Mar 30, 2023 - Economy

White House calls for new rules for regional banks, reversing Trump policies

President Biden delivers remarks while hosting the virtual Summit for Democracy Virtual Plenary session on March 29, 2023 in Washington, DC. Photo: Chip Somodevilla/Getty Images

The Biden administration urged regulators on Thursday afternoon to update regulations on regional banks, including some that were loosened during the Trump era.

Why it matters: The White House and others have blamed looser regulations for the collapse of Silicon Valley Bank and Signature Bank earlier this month.

  • "Unfortunately, Trump Administration regulators weakened many important common-sense requirements and supervision for large regional banks like Silicon Valley Bank and Signature Bank, whose recent failure led to contagion throughout the banking system," a White House official said on a call with reporters Thursday afternoon.
  • "The goal here is to make sure that this does not happen again," the official said.

State of play: White House officials emphasized that its proposals are "common sense changes" that can be implemented without Congressional action.

  • The administration is separately pushing for Congress to take action, including calling for clawbacks of executive pay at the now-failed banks.

Details: The Trump administration lightened requirements for banks with assets between $100 billion and $250 billion; the proposed rules would reinstate them. These include:

  • Requiring banks to hold more high-quality liquid assets and undertake annual stress tests. Under the loosened rules, SVB only had to undergo stress testing every two years.
  • Living wills. Regional banks of SVB's size should have to submit plans for how they'd be wound down without stressing the banking system  already required for big banks with more than $250 billion in assets.

The proposals would also strengthen supervisory standards for these banks. Regulators should consider, the administration says, using tools to make sure banks of this size can withstand rising interest rates — a key issue in SVB's downfall.

Notable: The administration wants to exempt community banks (smaller local institutions) from having to pay a special FDIC assessment fee in the case of these recent bank failures.

Yes, but: In testimony before both the House and Senate this week, the Federal Reserve's top banking regulator Michael Barr blamed the failure of SVB on the bank's management, and said the current system of regulations was strong.

  • Others have blamed weak supervision by the Federal Reserve for the collapse.
  • White House officials didn't disagree on the call Thursday, but emphasized that the weak supervision mainly took place under the guidance and rule-making of Trump appointees. (Barr wasn't confirmed as vice chair for supervision until July 2022. His position sat vacant for seven months.)

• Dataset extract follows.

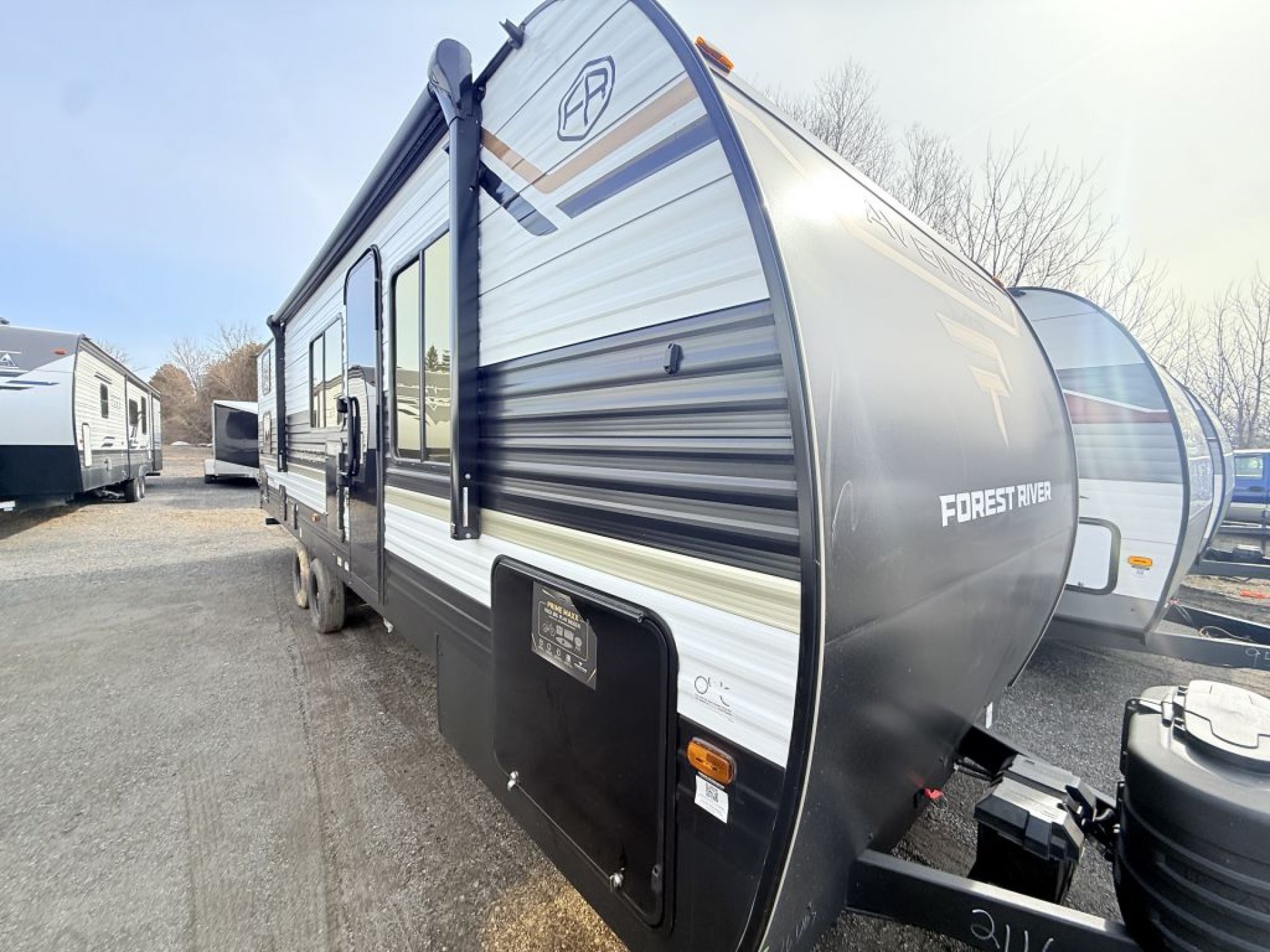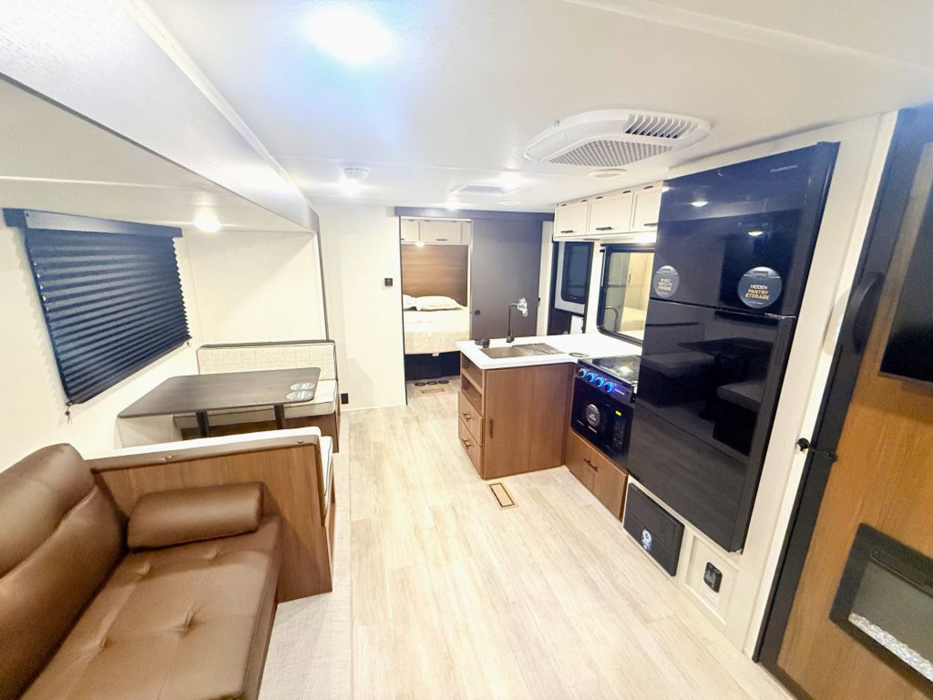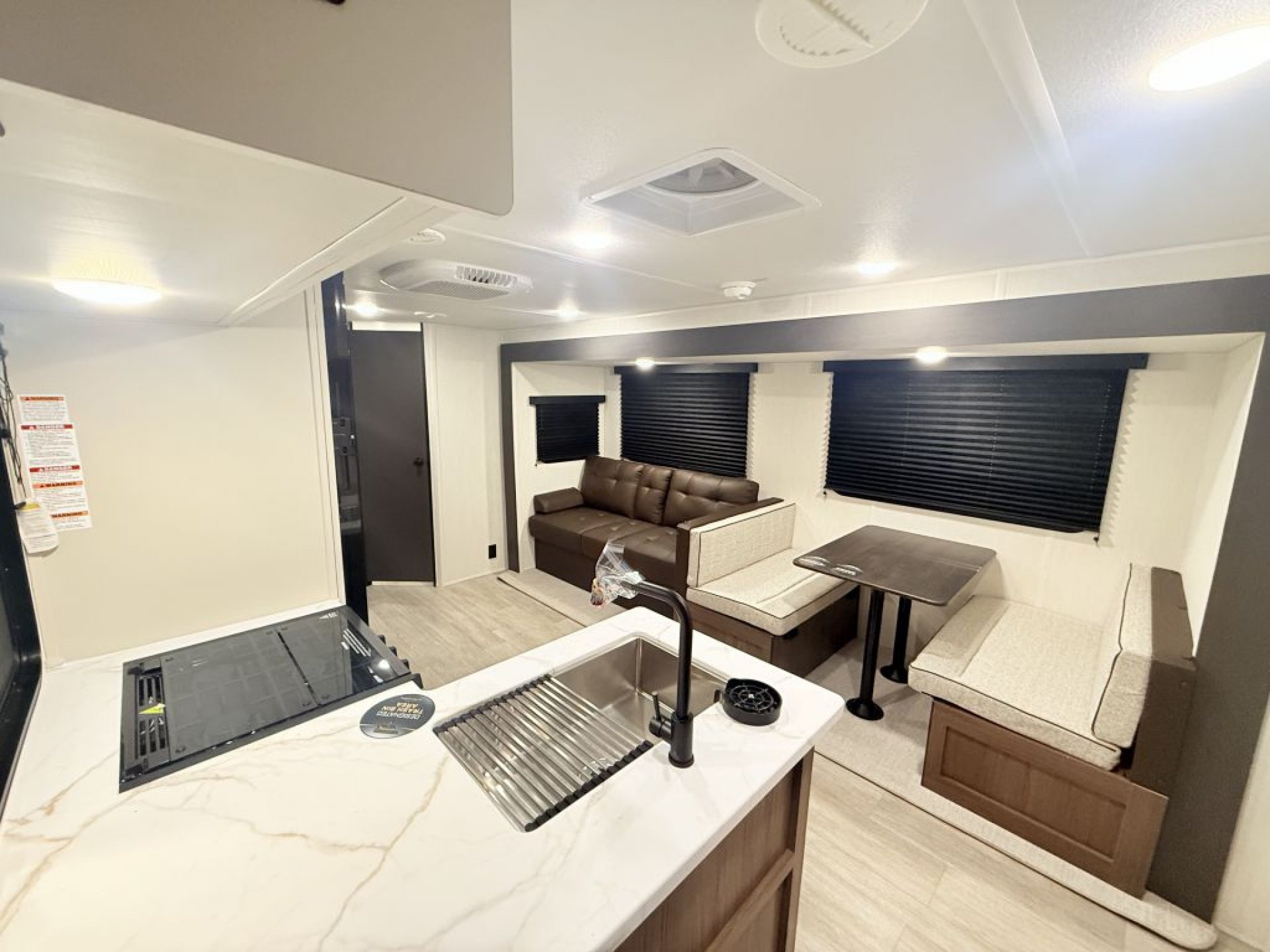 - Interior Features: Enclosed overhead storage in bedroom, dual shirt closets, bedside shelving with 110V outlets & USB ports, designer bedding package, massive bedroom window, Camp King bed, underbed storage with storage totes, TV prep in bedroom, designated shoe & pet bowl storage, stainless steel farmhouse sink, rolling sink cover/drying rack, two spice racks, two standard kitchen drawers, dedicated trash can storage, built-in convection microwave with air fryer, three-burner cooktop with glass cover, seamless pressed countertops, cup washer, onboard water filtration system, high-rise kitchen faucet, massive kitchen window, enclosed overhead storage in kitchen, 12V refrigerator 10.6 cu. ft., 12V kitchen fan, hidden pantry (most models), LED TV, electric fireplace (most models), jackknife sofa with cupholders, collapsible ottoman with storage, enhanced height bunks, USB ports in bunks, windows in both bunks, privacy curtain for bunks, teddy bear bunk mattresses, storage space below bunks, woven PVC marine grade slideout flooring, Congoleum flooring, designer shower surround with integrated shelving, foot flush toilet, medicine cabinet, tank monitor, 30K BTU furnace, tankless on-demand water heater, 15K ducted A/C
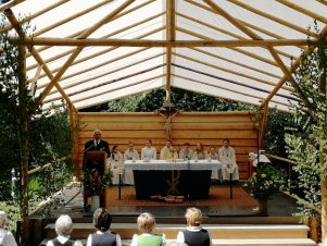 In seiner Predigt erinnerte sich Pfarrer Orsetti an einen mehr zufälligen Besuch auf dem Soldatenfriedhof von Costermano nahe dem Gardasee, der sich ungewollt lange ausdehnte. „Auf diesem Friedhof ruhen mehr als 22000 Soldaten und andere Kriegstote. Ihre Gräber erinnern die Lebenden an das Leid des Krieges. Ihr Sterben mahnt uns, den Frieden zu erhalten“. Ein Gang durch die unendlichen Reihen der Steine mit den Geburts- und Sterbedaten dieser vorwiegend jungen Leute, die noch in den letzten Kriegstagen 1945 starben, erinnert die Besucher der Kriegsgräberstätte daran den Frieden im Kleinen, wie im Großen zu bewahren. Eine kleine Kapelle wird als Gedenkraum des Kameradengrabes genutzt. Vor dem Kameradengrab kniet ein Jüngling, eine Bronzefigur von großer Ausdruckskraft. Ebenso wie die zahllosen Kriegerdenkmäler in unseren Gemeinden dient diese Figur als Andenken, Mahnung und Erinnerung. „Der Mensch steht nicht über allem, er hat sich an seinem Platz in die Schöpfung einzuordnen“.

The other side: Banks aren't enthused about the idea of more regulations.

  • Greg Baer, CEO of Bank Policy Institute, an industry advocacy group, said in a statement that it "would be unfortunate if the response to bad management and delinquent supervision at SVB were additional regulation on all banks that would impose meaningful costs on the U.S. economy going forward."
  • "The Fed has barely begun its promised review. This has a strong feeling of ready, fire, aim,” he said.

Between the lines: The proposal makes no mention of lifting or eliminating the FDIC cap on insured deposits from its current level of $250,000 — a hotly debated topic in the wake of the bank collapses.

  • The FDIC announced earlier this week that it's conducting an analysis of the deposit insurance system, and a report from the agency is expected in May.